WORK ORDER:
Images are not part of the copy; write out the rest of the data exactly as given.
##############################
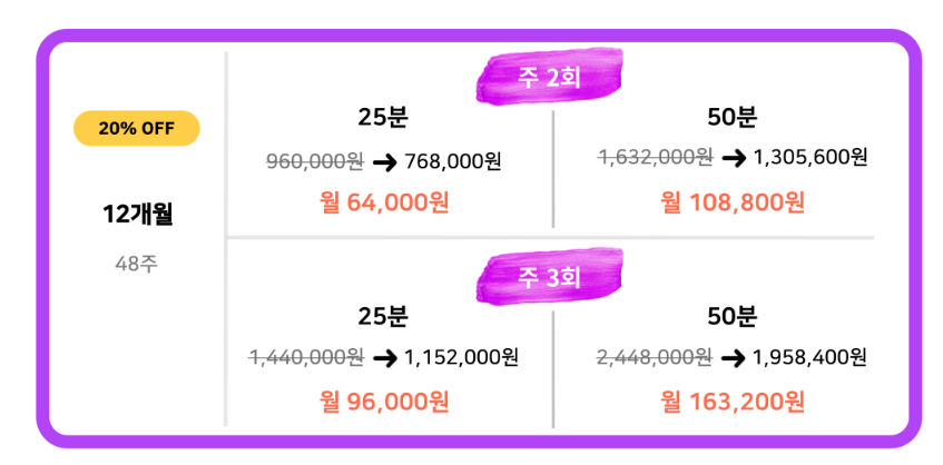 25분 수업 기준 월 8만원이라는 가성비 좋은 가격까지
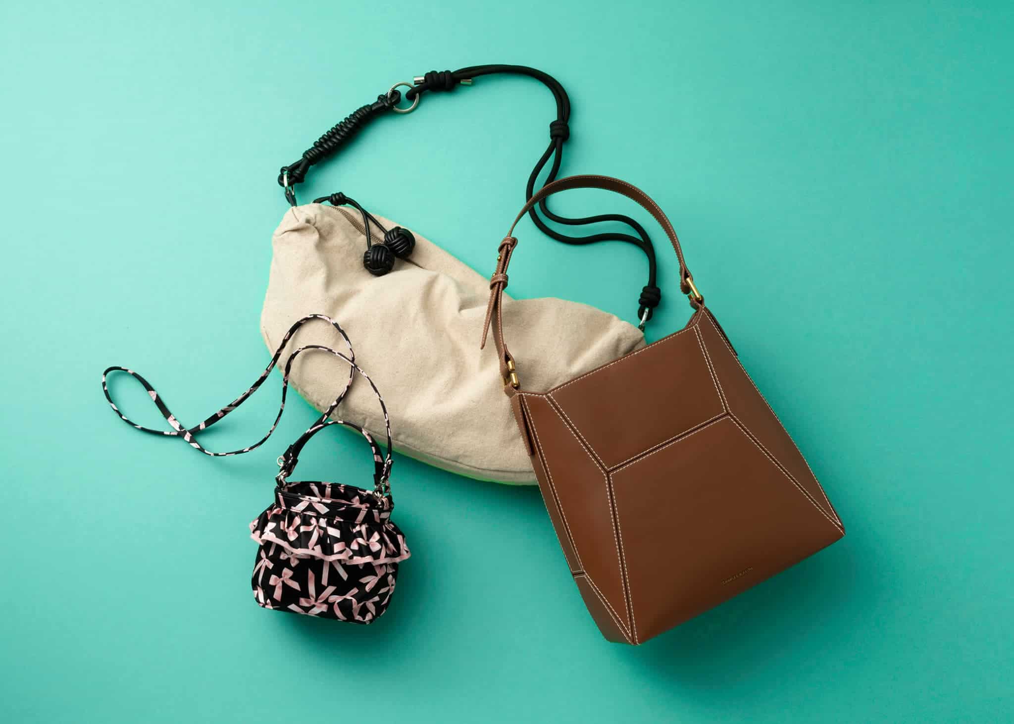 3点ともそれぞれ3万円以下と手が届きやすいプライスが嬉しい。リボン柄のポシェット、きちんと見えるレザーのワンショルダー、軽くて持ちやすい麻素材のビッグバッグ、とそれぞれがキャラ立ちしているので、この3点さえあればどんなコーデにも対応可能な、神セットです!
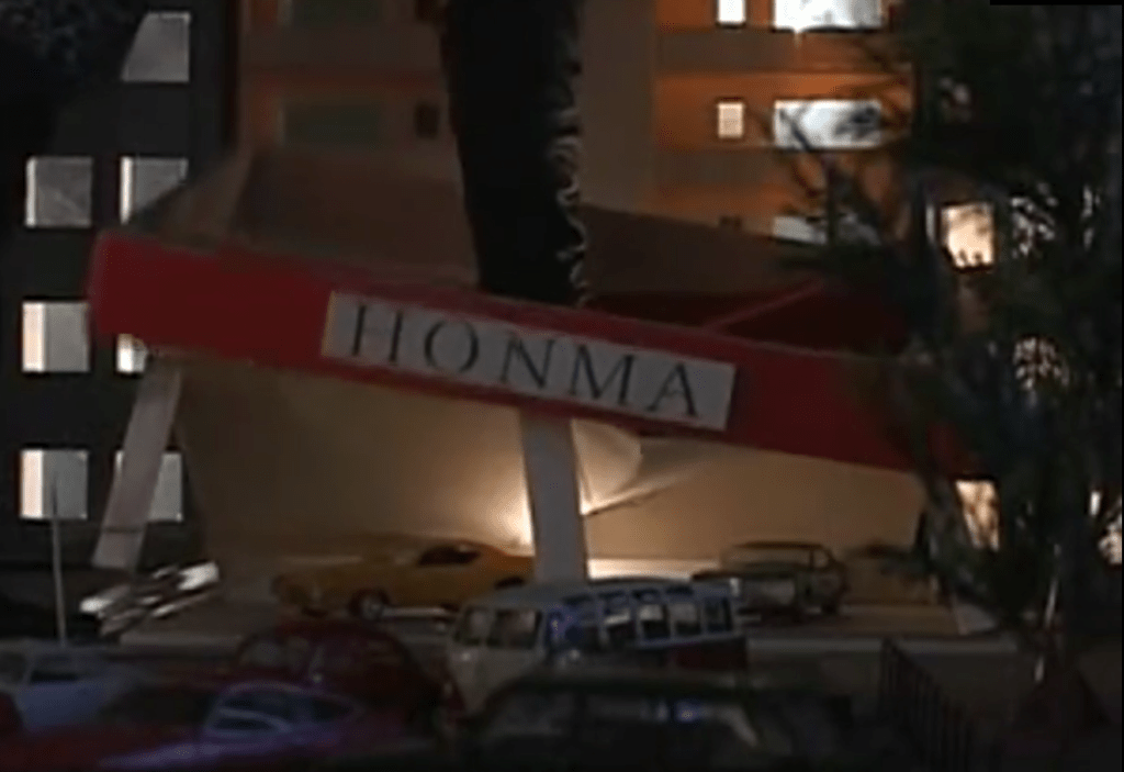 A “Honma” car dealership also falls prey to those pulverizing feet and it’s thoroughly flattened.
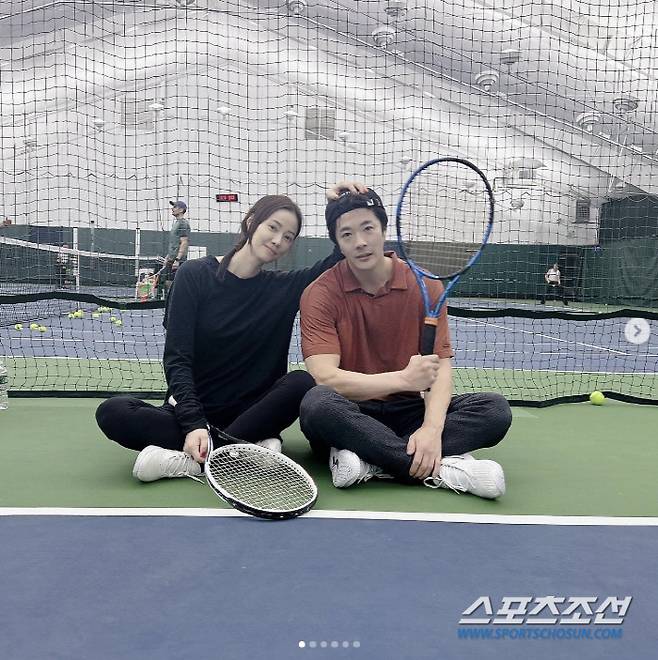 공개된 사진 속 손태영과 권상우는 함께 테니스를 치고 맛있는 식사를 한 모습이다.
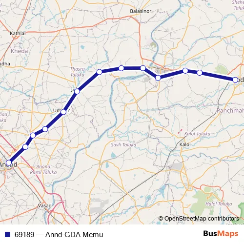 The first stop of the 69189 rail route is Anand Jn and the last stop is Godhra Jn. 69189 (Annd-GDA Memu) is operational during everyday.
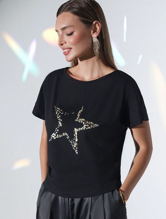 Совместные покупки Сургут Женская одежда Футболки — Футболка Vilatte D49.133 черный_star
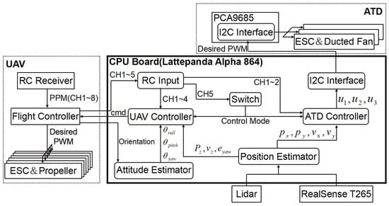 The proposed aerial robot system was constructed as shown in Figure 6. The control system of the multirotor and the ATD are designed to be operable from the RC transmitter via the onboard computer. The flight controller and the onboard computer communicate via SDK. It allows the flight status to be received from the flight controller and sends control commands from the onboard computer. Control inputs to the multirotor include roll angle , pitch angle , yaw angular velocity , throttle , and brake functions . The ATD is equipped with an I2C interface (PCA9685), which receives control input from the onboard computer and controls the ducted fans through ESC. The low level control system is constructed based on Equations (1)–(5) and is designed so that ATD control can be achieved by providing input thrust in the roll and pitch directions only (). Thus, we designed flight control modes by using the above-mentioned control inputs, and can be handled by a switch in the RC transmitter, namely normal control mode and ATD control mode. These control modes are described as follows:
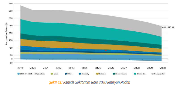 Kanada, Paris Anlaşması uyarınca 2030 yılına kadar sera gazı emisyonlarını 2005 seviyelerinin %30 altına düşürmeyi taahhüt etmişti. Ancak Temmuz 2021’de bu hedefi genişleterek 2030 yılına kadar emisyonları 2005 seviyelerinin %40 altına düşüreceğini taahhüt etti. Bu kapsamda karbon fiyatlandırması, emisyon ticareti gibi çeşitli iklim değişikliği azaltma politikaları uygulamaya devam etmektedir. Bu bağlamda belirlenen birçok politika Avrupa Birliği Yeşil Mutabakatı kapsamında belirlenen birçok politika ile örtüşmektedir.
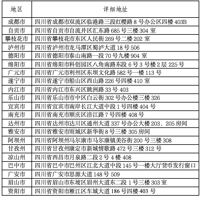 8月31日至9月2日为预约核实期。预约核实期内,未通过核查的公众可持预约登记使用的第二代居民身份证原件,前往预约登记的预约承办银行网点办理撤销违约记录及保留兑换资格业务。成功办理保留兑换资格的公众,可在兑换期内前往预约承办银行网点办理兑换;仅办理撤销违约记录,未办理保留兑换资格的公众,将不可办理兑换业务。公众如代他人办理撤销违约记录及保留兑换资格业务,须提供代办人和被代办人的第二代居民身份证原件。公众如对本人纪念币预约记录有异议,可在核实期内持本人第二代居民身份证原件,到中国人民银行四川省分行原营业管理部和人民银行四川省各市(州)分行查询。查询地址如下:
##############################
EXERCISE RESPONSE:
 25분 수업 기준 월 8만원이라는 가성비 좋은 가격까지
 3点ともそれぞれ3万円以下と手が届きやすいプライスが嬉しい。リボン柄のポシェット、きちんと見えるレザーのワンショルダー、軽くて持ちやすい麻素材のビッグバッグ、とそれぞれがキャラ立ちしているので、この3点さえあればどんなコーデにも対応可能な、神セットです!
 A “Honma” car dealership also falls prey to those pulverizing feet and it’s thoroughly flattened.
 공개된 사진 속 손태영과 권상우는 함께 테니스를 치고 맛있는 식사를 한 모습이다.
 The first stop of the 69189 rail route is Anand Jn and the last stop is Godhra Jn. 69189 (Annd-GDA Memu) is operational during everyday.
 Совместные покупки Сургут Женская одежда Футболки — Футболка Vilatte D49.133 черный_star
 The proposed aerial robot system was constructed as shown in Figure 6. The control system of the multirotor and the ATD are designed to be operable from the RC transmitter via the onboard computer. The flight controller and the onboard computer communicate via SDK. It allows the flight status to be received from the flight controller and sends control commands from the onboard computer. Control inputs to the multirotor include roll angle , pitch angle , yaw angular velocity , throttle , and brake functions . The ATD is equipped with an I2C interface (PCA9685), which receives control input from the onboard computer and controls the ducted fans through ESC. The low level control system is constructed based on Equations (1)–(5) and is designed so that ATD control can be achieved by providing input thrust in the roll and pitch directions only (). Thus, we designed flight control modes by using the above-mentioned control inputs, and can be handled by a switch in the RC transmitter, namely normal control mode and ATD control mode. These control modes are described as follows:
 Kanada, Paris Anlaşması uyarınca 2030 yılına kadar sera gazı emisyonlarını 2005 seviyelerinin %30 altına düşürmeyi taahhüt etmişti. Ancak Temmuz 2021’de bu hedefi genişleterek 2030 yılına kadar emisyonları 2005 seviyelerinin %40 altına düşüreceğini taahhüt etti. Bu kapsamda karbon fiyatlandırması, emisyon ticareti gibi çeşitli iklim değişikliği azaltma politikaları uygulamaya devam etmektedir. Bu bağlamda belirlenen birçok politika Avrupa Birliği Yeşil Mutabakatı kapsamında belirlenen birçok politika ile örtüşmektedir.
 8月31日至9月2日为预约核实期。预约核实期内,未通过核查的公众可持预约登记使用的第二代居民身份证原件,前往预约登记的预约承办银行网点办理撤销违约记录及保留兑换资格业务。成功办理保留兑换资格的公众,可在兑换期内前往预约承办银行网点办理兑换;仅办理撤销违约记录,未办理保留兑换资格的公众,将不可办理兑换业务。公众如代他人办理撤销违约记录及保留兑换资格业务,须提供代办人和被代办人的第二代居民身份证原件。公众如对本人纪念币预约记录有异议,可在核实期内持本人第二代居民身份证原件,到中国人民银行四川省分行原营业管理部和人民银行四川省各市(州)分行查询。查询地址如下:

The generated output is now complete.